Итоговый вывод из сказанного в этой главе тот, что в самом общем смысле постижение идеи какого-либо явления жизни предполагает творческое философское созидание человеком мыслимого образа этого явления, в котором оно схвачено и логически выражено в своих существенных, необходимых чертах и тенденциях саморазвития, осмыслены глубинная суть, роль и место этого явления, показано многообразие его особенных и частных форм и основных особенностей бытия в органической целостности мироздания. В этом смысле заявленный предмет исследования – философское постижение идеи нации – предстает как специфическая форма философской рефлексии данного социального явления (т.е. нации) целостным и органически погруженным в этно-национальное бытие духом автора этих строк. Отсюда же следует, что , постигая идею нации, я в какой-то, а может быть, даже значительной мере рефлектирую самого себя, свое собственное этнонациональное бытие и свое собственное состояние духа. И, таким образом, если, с одной стороны, постижение идеи нации вполне может рассматриваться как форма моего собственного самопознания, то, с другой стороны, как форма познания мира, что, впрочем, взаимодополняет и взаимообогащает друг друга.

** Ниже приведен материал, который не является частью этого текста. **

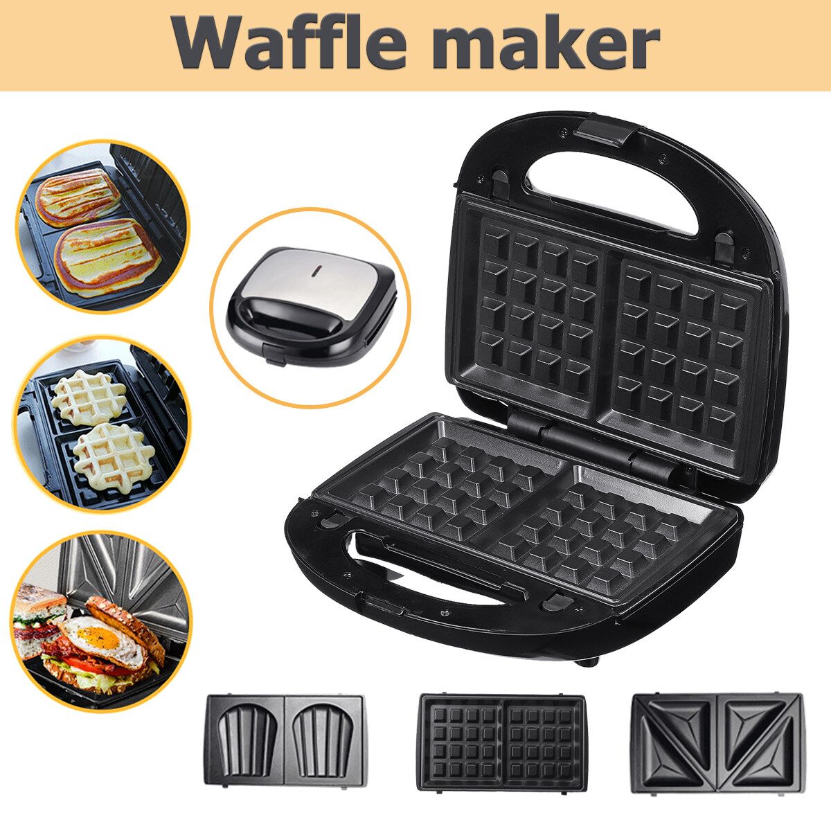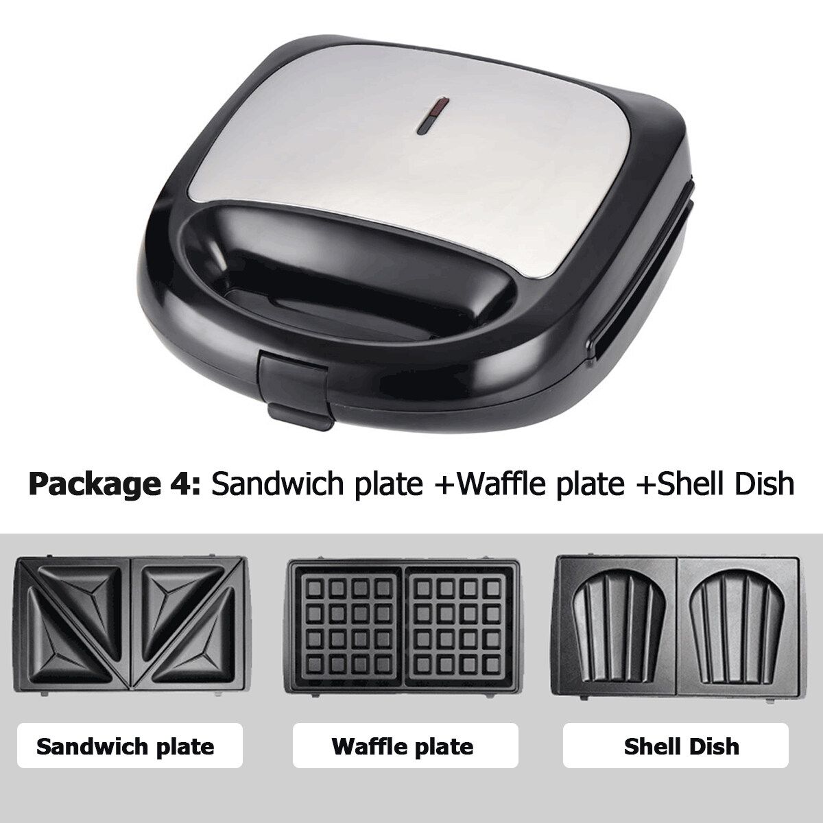 Package Included:1 x Waffles machine,1 x Sandwich plate,1 x Waffles plate,1 x Shell Dish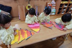 次はツリーにロウソクでお絵描きをして上から絵の具を塗りはじき絵を楽しみました♪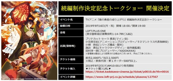Para conmemorar el anuncio de la segunda y tercera temporada el anime Tate no Yuusha no Nariagari (The Rising of the Shiel Hero), el sitio web del anime reveló que se realizará un evento conmemorativo del anime.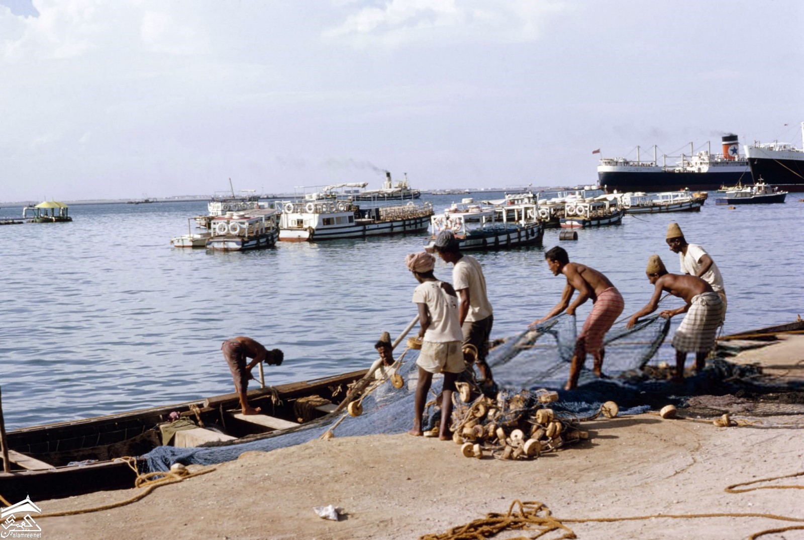 الكبسه البنجسار "نشوان حاليا" صيادون يسحبون شباكهم من مياه المرفا في منطقة التواهي في ابريل ١٩٦٣م ، تصوير بول بوبر |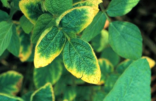 - Thiếu lưu huỳnh thường xuất hiện trên lá non, triệu chứng xanh vàng nằm giữa phần gân lá. Ngược với triệu chứng thiếu kali, triệu chứng thiếu lưu huỳnh thường xuất hiện từ phần gốc lá sau đó lan rộng toàn bộ phần bản lá. Trên mép lá thường xuất hiện các đốm hình dạng bất định màu nâu tối, lá bị cụp lại và chiều cao của cây thường bị thấp hơn bình thường và lóng ngắn lại.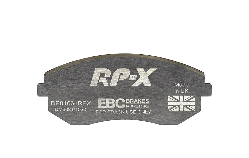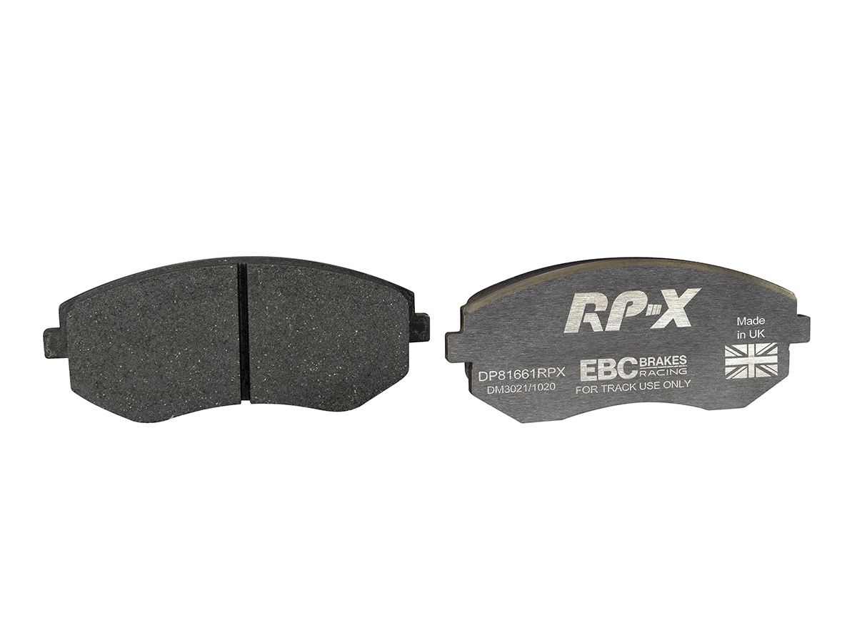 Klocki hamulcowe EBC RP-X, To wyczynowe klocki o bardzo wysokich osiągach, zaprojektowane z myślą o pojazdach sportowych, intensywnie jeżdżących po torze. RP-X posiadaj wyższy poziom tarcia 0,55 i są dedykowane do samochodów z hamulcami działającymi progresywnie, nie posiadających agresywnego wspomagania. Zastosowanie klocków RP-X zapewnia wyższą siłę hamowania i szybszą reakcję, pozwala to zachować optymalny skok pedału hamulca. Zarówno klocki RP-1 i RP-X  to klocki wyczynowe o wysokiej sprawności hamowania oraz odporności na wysokie temperatury. Różnią się współczynnikiem tarcia RP-1 0,45 Mu, RP-X 0,55 Mu  Wyboru należy dokonać na podstawie charakterystyki układu hamulcowego i osobistych preferencji.   -Wykonane z mieszanki materiałów węglowych Kevlar®. -Współczynnik tarcia 0,55. -Zakres temperatur powtarzalnego hamowania w zakresie 100 – 850°C -Maksymalna temperatura skutecznego hamowania 1000°C. -Dłuższa żywotność w warunkach wyścigowych. -Stabilne i powtarzalne hamowanie na każdym okrążeniu. -Osiągi wyścigowe w najwyższych temperaturach wyścigowych. -Rewolucyjny system mocowania podkładek z haczykiem Nucap NRS. -Nie posiadają homologacji drogowej ECE R90.   EBC Brakes produkuje największą gamę klocków hamulcowych i tarcz hamulcowych na świecie, oferuje ponad 5000 produktów do większości pojazdów. EBC Brakes posiada dwie specjalistyczne  fabryki w Wielkiej Brytanii i USA. Oferta obejmuje klocki hamulcowe do samochodów osobowych, ciężarowych, motocykli i rowerów, produkuje również specjalistyczne układy hamulcowe do farm wiatrowych, klocki hamulcowe do zastosowań wojskowych, takich jak Humvee i samochody opancerzone. Rodzaje produkowanych klocków hamulcowych obejmują klocki hamulcowe aramidowe, spiekowe, ceramiczne, o wydłużonej żywotności oraz tarcze hamulcowe EBC żeliwne, nierdzewne oraz pływające. Pasuje do: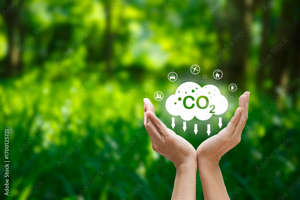 carbon footprint and Reducing CO2 Emissions, Promoting Sustainability Concept. hand holds CO2 cloud icon with Destroy the environment symbols, Oil use, cars, industrial plants.

В этом смысле известное издревле суждение методологического характера: «Познай себя и ты познаешь мир», – может быть дополнено противоположным ему суждением: «Познай мир и ты познаешь себя», – поскольку в той же мере, в какой человеческое самопознание открывает ему глаза на мироздание (низшее познается через высшее), познание последнего открывает человеку путь к постижению его собственной сущности (низшее развивается в высшем). В конечном же счете, человек – и отправной и завершающий пункт в исследовании мироздания. Так как именно в его лице последнее не только начинает постижение, приходит к осознанию и идейному выражению своей истинной глубины, но и, что может быть более существенно, в его лице мир постепенно приходит к осознанному творчеству своего подлинного всеединства.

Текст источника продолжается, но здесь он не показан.